8 When an expression that has integer type is added to or
  subtracted from a pointer, the result has the type of the
  pointer operand. If the pointer operand points to an
  element of an array object, and the array is large enough,
  the result points to an element offset from the original
  element such that the difference of the subscripts of the
  resulting and original array elements equals the integer
  expression. In other words, if the expression P points to
  the i-th element of an array object, the expressions (P)+N
  (equivalently, N+(P)) and (P)-N (where N has the value n)
  point to, respectively, the i+n-th and i-n-th elements of
  the array object, provided they exist. Moreover, if the
  expression P points to the last element of an array object,
  the expression (P)+1 points one past the last element of
  the array object, and if the expression Q points one past
  the last element of an array object, the expression (Q)-1
  points to the last element of the array object. If both the   <<======
  pointer operand and the result point to elements of the same
  array object, or one past the last element of the array
  object, the evaluation shall not produce an overflow;
  otherwise, the behavior is undefined. If the result points
  one past the last element of the array object, it shall not
  be used as the operand of a unary * operator that is evaluated.

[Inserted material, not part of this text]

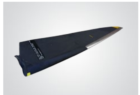
BLADE AND PIN ASSY., PROPELLER

NSN: 1610-01-563-0465 P/N: RFC11Y1P0C UTAS (CAGE 73030)

  6.5.16.2 Compound assignment

  Constraints

1 For the operators += and -= only, either the left operand
  shall be a pointer to an object type and the right shall
  have integer type, or the left operand shall have
  qualified or unqualified arithmetic type and the right
  shall have arithmetic type.

2 For the other operators, each operand shall have
  arithmetic type consistent with those allowed by the
  corresponding binary operator.

  Semantics

3 A compound assignment of the form E1 op =E2 differs from
  the simple assignment expression E1 = E1 op (E2) only in
  that the lvalue E1 is evaluated only once.

----------------------------------------------------------------

-Mike



Tue, 05 Apr 2005 01:54:08 GMT  
 reverse string - UB

Quote:



> [ snip ]

>>> If *s == '\0', the while loop will be skipped, thus keeping d pointing
>>> at the same address as s. --d will then make d point to the previous
>>> byte, which quite probably does not belong to your program's memory
>>> space. There's the undefined behaviour.

>> As long as d isn't dereferenced, I don't see how this is UB.

> At the risk of grossly oversimplifying things, pointer arithmetic
> in C is only permitted within array objects.  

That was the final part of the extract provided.